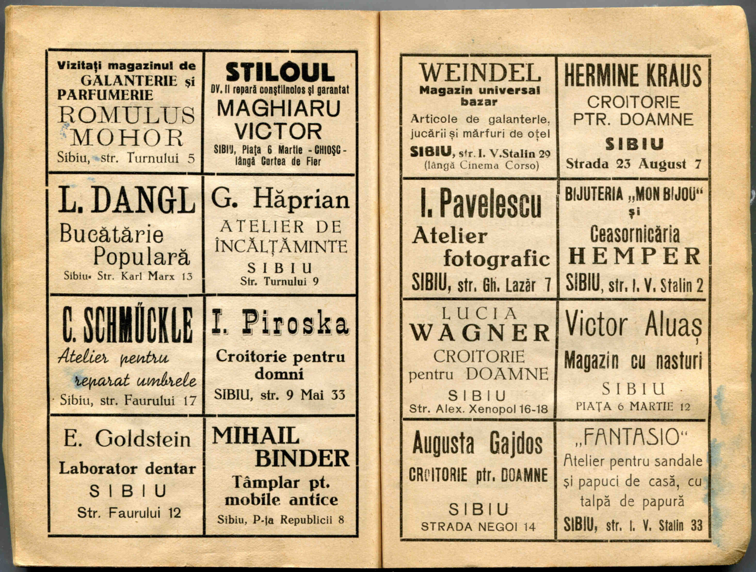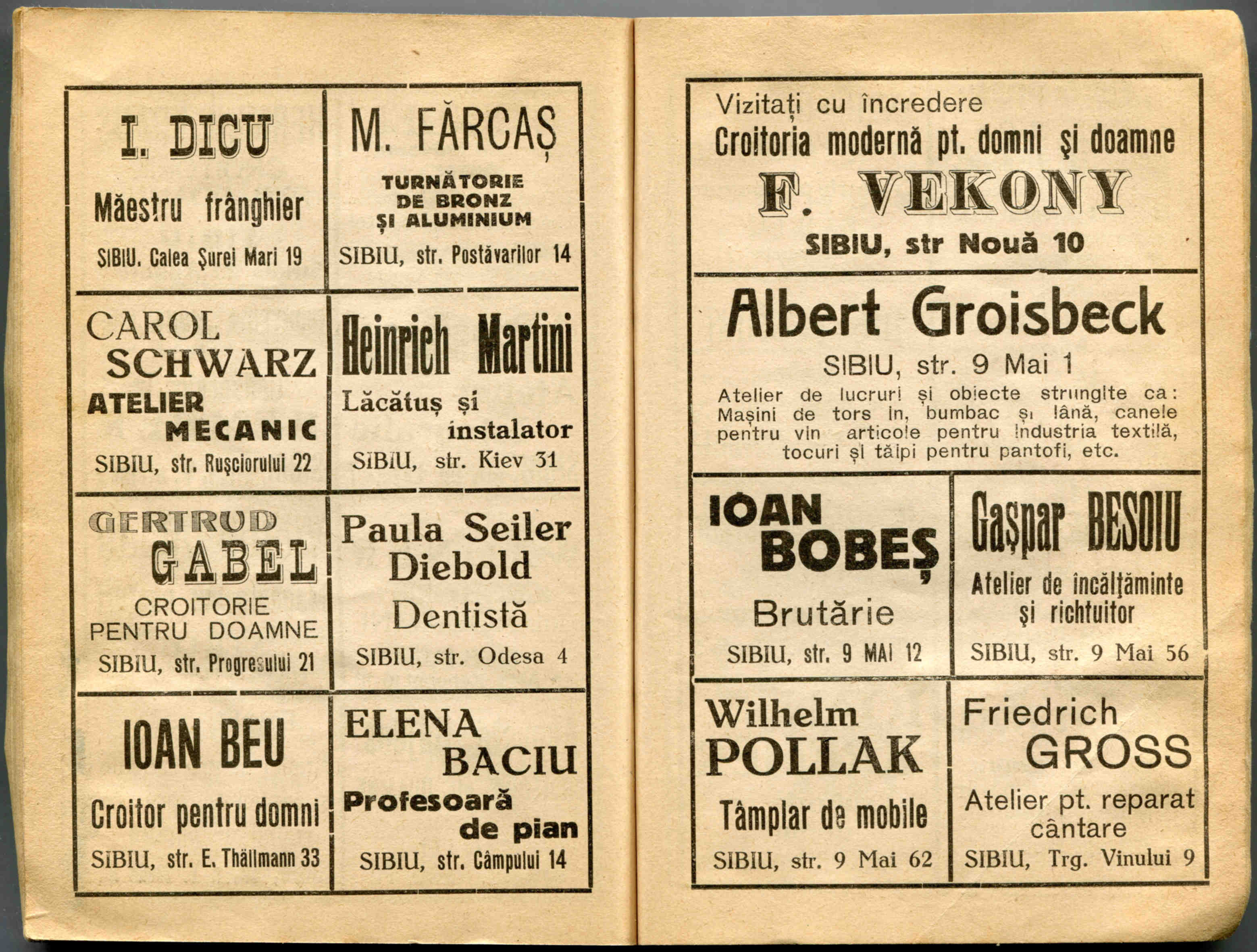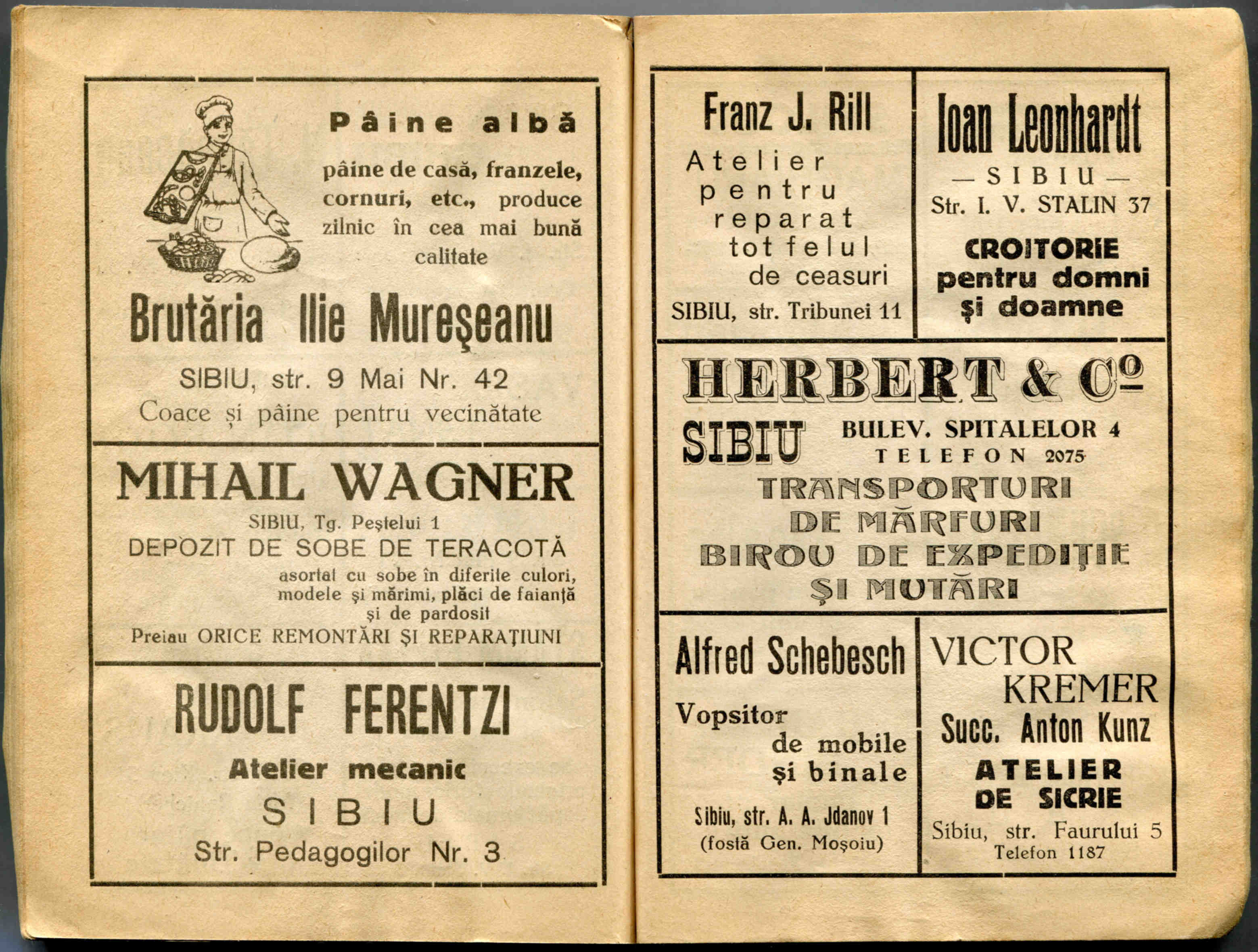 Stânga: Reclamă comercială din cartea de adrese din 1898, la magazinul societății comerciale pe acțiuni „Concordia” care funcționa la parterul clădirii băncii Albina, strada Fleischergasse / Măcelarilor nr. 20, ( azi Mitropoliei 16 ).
_ _ _ _ _
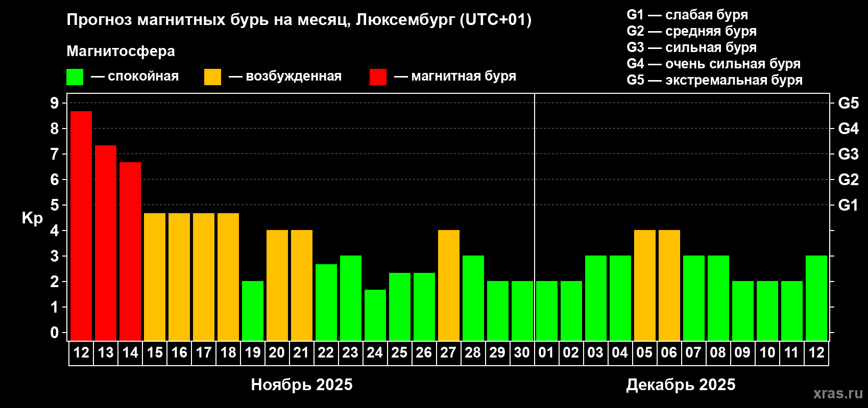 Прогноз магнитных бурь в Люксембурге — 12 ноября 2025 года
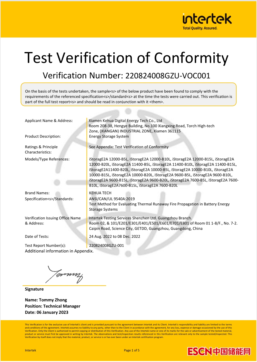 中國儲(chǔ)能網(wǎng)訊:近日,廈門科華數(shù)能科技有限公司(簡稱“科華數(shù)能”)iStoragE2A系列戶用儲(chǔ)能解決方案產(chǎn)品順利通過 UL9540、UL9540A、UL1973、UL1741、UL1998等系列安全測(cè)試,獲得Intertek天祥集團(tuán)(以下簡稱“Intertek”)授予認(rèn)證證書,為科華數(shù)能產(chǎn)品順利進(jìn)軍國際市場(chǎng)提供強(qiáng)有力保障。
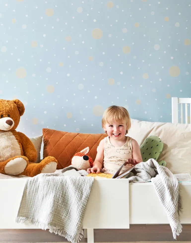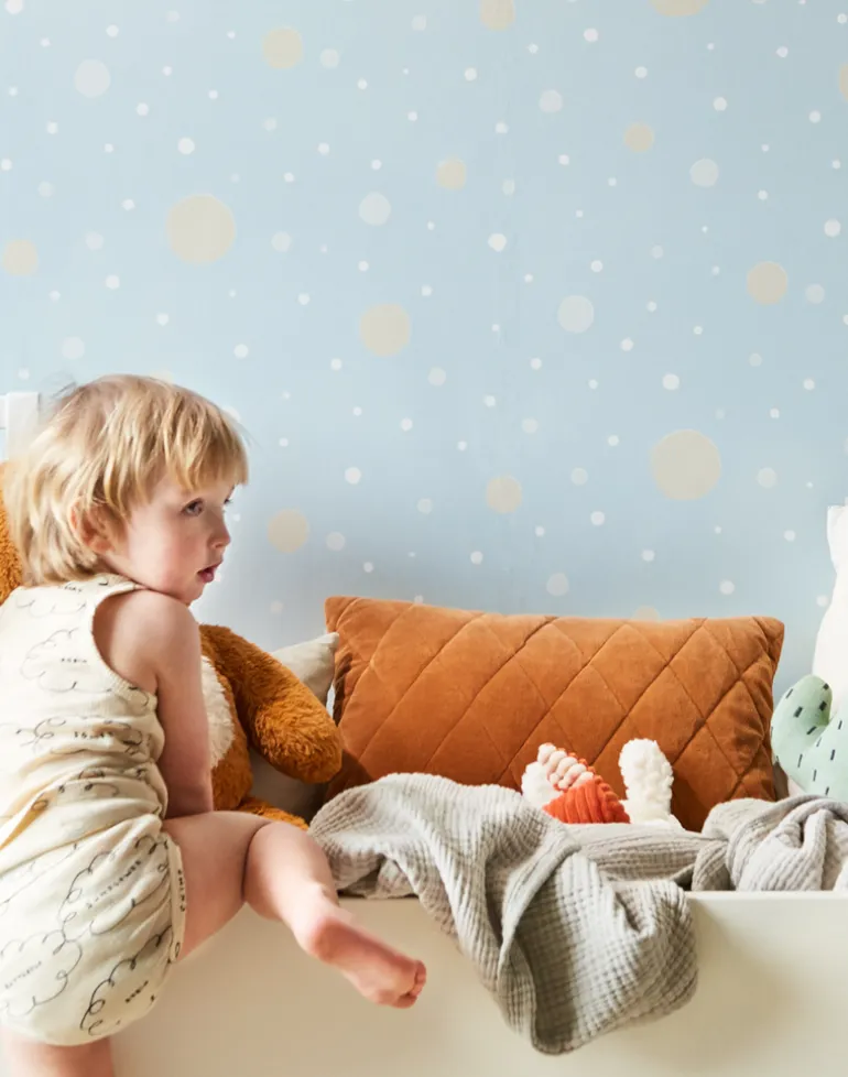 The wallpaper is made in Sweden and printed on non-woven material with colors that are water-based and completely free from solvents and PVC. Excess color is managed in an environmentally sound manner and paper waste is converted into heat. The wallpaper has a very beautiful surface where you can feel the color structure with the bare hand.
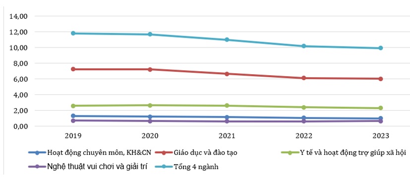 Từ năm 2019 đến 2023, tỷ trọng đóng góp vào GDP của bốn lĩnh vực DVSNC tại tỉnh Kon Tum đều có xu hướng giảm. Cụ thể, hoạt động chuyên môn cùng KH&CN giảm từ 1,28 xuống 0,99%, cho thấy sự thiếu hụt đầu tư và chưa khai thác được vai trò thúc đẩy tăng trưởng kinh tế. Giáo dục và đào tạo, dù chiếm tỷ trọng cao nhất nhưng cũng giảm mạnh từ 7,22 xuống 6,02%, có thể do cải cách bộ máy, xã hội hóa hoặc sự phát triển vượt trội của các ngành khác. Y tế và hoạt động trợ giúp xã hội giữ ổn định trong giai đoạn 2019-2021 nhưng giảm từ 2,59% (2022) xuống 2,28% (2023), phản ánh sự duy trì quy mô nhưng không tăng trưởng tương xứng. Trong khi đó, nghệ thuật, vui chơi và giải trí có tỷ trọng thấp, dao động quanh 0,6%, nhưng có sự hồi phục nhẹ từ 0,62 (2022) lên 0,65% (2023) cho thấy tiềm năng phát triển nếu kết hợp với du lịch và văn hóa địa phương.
_ _ _ _ _
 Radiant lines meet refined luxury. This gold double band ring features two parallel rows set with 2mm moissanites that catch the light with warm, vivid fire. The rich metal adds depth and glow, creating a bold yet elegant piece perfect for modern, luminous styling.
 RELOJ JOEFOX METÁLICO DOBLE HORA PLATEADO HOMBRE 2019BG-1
_ _ _ _ _
Brief:
Copy out precisely the lines from the line with "Radiant lines meet" to the line with "RELOJ JOEFOX METÁLICO" in the material above, including those two lines and omitting all the rest.

Response to this task:
 Radiant lines meet refined luxury. This gold double band ring features two parallel rows set with 2mm moissanites that catch the light with warm, vivid fire. The rich metal adds depth and glow, creating a bold yet elegant piece perfect for modern, luminous styling.
 RELOJ JOEFOX METÁLICO DOBLE HORA PLATEADO HOMBRE 2019BG-1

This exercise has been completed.